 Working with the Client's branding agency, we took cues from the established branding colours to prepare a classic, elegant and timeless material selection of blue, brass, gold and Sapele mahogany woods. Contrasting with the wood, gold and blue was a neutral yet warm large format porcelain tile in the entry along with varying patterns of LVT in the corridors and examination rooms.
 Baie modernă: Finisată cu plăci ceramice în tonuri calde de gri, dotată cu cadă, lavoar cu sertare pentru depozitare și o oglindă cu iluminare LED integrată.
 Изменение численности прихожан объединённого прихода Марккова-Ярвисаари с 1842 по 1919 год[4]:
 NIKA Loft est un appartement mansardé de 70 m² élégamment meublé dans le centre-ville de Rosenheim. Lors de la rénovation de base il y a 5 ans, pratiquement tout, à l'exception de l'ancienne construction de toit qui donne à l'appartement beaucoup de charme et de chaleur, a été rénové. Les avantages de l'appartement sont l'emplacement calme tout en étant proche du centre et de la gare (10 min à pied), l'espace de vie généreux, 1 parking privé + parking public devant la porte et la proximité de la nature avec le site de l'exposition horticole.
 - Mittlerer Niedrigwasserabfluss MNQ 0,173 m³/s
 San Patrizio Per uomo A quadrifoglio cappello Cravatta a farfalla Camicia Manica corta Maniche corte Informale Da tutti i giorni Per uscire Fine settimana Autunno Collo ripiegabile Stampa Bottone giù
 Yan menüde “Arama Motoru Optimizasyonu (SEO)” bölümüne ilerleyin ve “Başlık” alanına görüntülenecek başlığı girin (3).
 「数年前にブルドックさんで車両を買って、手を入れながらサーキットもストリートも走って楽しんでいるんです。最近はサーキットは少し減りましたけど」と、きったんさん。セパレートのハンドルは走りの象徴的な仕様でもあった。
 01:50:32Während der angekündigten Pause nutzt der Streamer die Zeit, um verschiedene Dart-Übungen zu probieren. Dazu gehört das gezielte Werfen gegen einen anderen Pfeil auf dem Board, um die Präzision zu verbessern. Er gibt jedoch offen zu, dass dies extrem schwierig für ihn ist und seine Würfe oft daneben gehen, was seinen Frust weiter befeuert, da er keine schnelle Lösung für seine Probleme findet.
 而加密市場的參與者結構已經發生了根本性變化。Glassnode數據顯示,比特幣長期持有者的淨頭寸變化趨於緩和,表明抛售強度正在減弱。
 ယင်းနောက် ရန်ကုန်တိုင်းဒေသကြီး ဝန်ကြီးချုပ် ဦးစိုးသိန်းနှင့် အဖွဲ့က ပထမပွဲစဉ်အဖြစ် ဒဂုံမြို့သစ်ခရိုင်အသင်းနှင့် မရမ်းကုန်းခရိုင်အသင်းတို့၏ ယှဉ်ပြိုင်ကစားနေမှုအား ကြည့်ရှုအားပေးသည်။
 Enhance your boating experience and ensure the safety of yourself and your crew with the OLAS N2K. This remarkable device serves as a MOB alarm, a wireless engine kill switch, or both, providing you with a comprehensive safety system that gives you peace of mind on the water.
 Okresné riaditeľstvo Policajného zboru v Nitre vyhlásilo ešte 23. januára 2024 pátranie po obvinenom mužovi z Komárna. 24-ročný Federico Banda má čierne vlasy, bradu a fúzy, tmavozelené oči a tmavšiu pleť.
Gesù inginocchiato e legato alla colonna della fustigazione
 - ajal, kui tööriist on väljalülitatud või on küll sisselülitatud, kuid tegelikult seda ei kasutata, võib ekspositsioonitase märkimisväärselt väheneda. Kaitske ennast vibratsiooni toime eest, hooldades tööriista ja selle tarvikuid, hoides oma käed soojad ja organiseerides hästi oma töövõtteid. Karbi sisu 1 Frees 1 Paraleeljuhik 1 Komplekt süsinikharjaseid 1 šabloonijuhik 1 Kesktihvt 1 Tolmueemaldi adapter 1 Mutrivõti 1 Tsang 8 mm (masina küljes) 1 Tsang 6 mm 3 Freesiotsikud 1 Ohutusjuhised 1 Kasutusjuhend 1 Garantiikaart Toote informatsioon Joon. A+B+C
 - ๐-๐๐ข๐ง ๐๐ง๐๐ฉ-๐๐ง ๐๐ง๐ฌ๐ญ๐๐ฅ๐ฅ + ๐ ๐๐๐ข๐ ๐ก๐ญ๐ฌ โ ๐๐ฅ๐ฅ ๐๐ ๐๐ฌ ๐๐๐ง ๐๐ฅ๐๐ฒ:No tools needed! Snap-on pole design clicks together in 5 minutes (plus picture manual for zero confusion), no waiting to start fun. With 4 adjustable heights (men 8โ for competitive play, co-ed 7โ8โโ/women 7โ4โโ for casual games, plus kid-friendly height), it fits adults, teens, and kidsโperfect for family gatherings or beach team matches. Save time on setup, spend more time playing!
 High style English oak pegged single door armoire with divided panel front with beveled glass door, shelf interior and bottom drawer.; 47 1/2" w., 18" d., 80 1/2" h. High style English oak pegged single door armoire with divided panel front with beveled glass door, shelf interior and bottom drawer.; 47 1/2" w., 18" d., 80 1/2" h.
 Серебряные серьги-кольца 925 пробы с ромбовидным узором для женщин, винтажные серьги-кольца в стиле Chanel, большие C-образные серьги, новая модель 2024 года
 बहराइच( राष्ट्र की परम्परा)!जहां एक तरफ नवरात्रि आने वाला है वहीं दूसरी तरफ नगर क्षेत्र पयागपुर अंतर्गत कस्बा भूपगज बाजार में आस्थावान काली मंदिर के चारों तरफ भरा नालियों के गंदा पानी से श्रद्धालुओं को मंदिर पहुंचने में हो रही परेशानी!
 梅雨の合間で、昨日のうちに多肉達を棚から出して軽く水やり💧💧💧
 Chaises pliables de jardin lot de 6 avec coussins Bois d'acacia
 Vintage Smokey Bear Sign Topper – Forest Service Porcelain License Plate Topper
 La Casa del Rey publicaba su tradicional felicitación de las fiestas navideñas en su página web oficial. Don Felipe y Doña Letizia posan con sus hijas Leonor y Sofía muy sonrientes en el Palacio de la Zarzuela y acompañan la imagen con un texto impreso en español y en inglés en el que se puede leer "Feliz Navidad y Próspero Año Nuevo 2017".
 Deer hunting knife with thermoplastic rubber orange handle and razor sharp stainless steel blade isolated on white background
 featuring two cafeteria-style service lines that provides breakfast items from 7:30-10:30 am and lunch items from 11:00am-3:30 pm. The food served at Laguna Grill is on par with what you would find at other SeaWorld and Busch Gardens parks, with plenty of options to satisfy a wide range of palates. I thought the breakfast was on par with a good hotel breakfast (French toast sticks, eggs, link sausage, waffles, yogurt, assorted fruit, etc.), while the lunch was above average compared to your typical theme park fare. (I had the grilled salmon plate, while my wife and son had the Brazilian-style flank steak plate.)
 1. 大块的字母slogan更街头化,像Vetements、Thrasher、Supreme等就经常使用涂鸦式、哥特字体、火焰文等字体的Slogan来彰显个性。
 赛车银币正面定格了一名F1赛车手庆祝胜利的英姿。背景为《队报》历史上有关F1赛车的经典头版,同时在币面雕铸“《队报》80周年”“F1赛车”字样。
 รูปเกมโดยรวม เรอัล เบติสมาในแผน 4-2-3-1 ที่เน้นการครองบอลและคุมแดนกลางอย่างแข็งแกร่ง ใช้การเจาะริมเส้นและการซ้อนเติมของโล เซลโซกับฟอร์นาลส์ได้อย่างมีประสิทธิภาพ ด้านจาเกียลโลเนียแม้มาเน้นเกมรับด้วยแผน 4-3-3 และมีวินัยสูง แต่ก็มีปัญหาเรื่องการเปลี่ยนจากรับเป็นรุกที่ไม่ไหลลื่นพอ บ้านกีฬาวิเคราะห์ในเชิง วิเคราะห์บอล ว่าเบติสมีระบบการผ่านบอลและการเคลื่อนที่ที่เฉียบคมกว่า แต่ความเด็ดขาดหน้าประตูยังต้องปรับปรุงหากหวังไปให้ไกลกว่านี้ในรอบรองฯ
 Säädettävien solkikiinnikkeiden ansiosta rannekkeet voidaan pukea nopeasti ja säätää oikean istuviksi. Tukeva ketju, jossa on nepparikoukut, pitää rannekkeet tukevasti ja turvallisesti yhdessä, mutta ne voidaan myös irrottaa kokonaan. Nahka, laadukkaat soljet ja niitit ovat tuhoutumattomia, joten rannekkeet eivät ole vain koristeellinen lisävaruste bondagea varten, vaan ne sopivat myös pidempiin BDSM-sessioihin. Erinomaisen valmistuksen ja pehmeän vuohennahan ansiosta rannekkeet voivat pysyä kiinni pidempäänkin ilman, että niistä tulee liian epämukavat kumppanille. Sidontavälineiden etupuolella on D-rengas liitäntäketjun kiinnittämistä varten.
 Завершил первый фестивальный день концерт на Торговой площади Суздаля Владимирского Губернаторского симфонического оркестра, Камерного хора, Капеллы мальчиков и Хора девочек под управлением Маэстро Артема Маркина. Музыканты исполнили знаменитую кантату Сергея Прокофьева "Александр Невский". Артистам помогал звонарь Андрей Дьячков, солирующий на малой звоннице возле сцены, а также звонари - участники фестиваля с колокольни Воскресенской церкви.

Your objective – Gather from the data above every line with the string "that".

Written answer –
 Enhance your boating experience and ensure the safety of yourself and your crew with the OLAS N2K. This remarkable device serves as a MOB alarm, a wireless engine kill switch, or both, providing you with a comprehensive safety system that gives you peace of mind on the water.
 featuring two cafeteria-style service lines that provides breakfast items from 7:30-10:30 am and lunch items from 11:00am-3:30 pm. The food served at Laguna Grill is on par with what you would find at other SeaWorld and Busch Gardens parks, with plenty of options to satisfy a wide range of palates. I thought the breakfast was on par with a good hotel breakfast (French toast sticks, eggs, link sausage, waffles, yogurt, assorted fruit, etc.), while the lunch was above average compared to your typical theme park fare. (I had the grilled salmon plate, while my wife and son had the Brazilian-style flank steak plate.)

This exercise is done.